京都や奈良をうかがうのに近すぎず遠すぎずの大国[3]でもあり、古来、この地に拠って天下を争い、滅んだ武将が少なくない。新田義貞、朝倉義景、柴田勝家が挙げられ(特に義貞の籠城は、のちに即位無効とされたものの新天皇を推戴してのものである)、主将としてではないが大谷吉継、この地を再起の拠点として逃れる途上で殺された藤原仲麻呂などもこれに準じる。明智光秀も、一時期同国の住人であった。継体天皇は、越前国から大和へ迎えられたとされ、万葉歌人としてよく知られる志貴皇子(天智天皇皇子)の母「越道君伊羅都売」もこの国の出自と考えられている。
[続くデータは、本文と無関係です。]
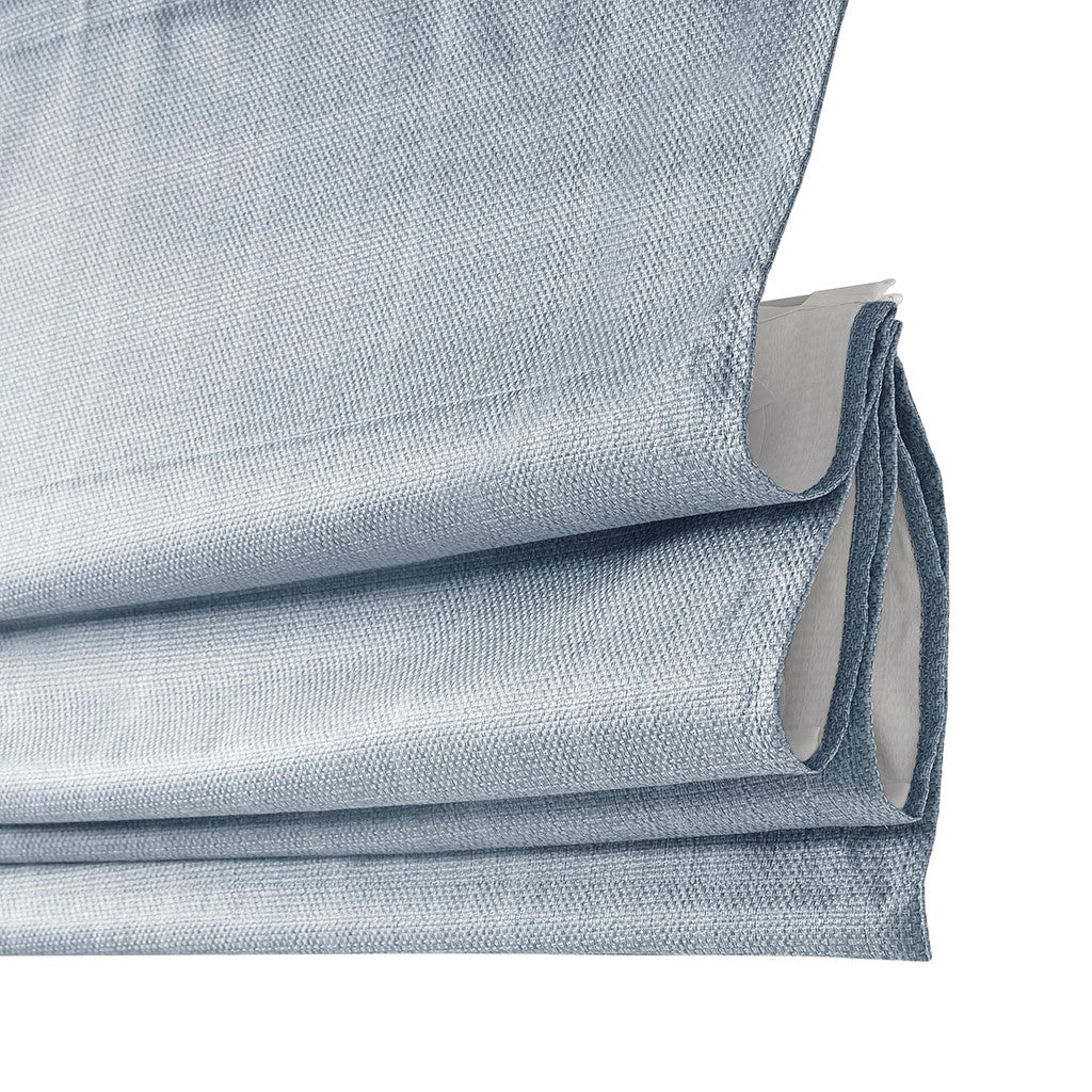 The Madison Park Galen Basket Weave Room Darkening Roman Shade offers a simple and convenient update to your home decor. This blue roman shade features a basket weave texture base fabric that creates a natural look and feel. A thermal foambacking on the reverse provides energy efficiency and a room darkening effect, for enhanced privacy. The cordless retraction mechanism makes it easy to open and close the window shade throughout the day, while the detachable fabric face allows for easier assembly and cleaning by lightly shaking or dusting. Though detachable from the hook and loop fastener, the top face fabric is NOT fully removable. Ready to install right out of the packaging, this roman shade can be hung inside or above the window pane allowing you to find the perfect fit for your home decor. Shade measures 64-inches in length and comes in 5 width options to suit multiple standard window sizes; each roman shade is sold as a single and comes with a printed instructional guide as well as an instructional video available on site. Assembly is required.

他に、直接天下取りに動いたわけではないが、徳川家康の次男であり英邁をうたわれながら弟の徳川秀忠に後継を譲らざるを得なかった結城秀康も、この地の領主として後半生を送った。米の産地として播磨国と「一播二越」(いちばんにえち)と称された[4]。 明治維新の直前の領域は現在以下のようになっている。太字の自治体及び郡は全域が、通常体は一部が国土にあたる。
近世以降の沿革
「旧高旧領取調帳」に記載されている明治初年時点での国内の支配は以下の通り(1,495村・680,914石余)。太字は当該郡内に藩庁が所在。国名のあるものは飛地領。
南条郡(89村・35,502石余) - 幕府領(福井藩預地)、旗本領、福井藩、丸岡藩、鯖江藩、若狭小浜藩、三河西尾藩、美濃郡上藩
今立郡(191村・85,575石余) - 幕府領(福井藩預地)、旗本領、福井藩、鯖江藩、若狭小浜藩
丹生郡(231村・86,692石余) - 幕府領(本保代官所・福井藩預地)、旗本領、福井藩、鯖江藩、大野藩、三河西尾藩、美濃郡上藩
大野郡(258村・96,259石余) - 幕府領(本保代官所・福井藩預地)、福井藩、大野藩、勝山藩、鯖江藩、美濃郡上藩
足羽郡(158村・88,467石余) - 福井藩
吉田郡(136村・80,191石余) - 福井藩
坂井郡(351村・185,419石余) - 幕府領(本保代官所・福井藩預地)、福井藩、丸岡藩、三河西尾藩
敦賀郡(81村・22,806石余) - 旗本領、鞠山藩、若狭小浜藩、安房勝山藩、幸若氏知行
明治2年
6月23日(1869年7月31日) - 安房勝山藩が、越前勝山藩、美作勝山藩との区別のため、任知藩事後に加知山藩に改称。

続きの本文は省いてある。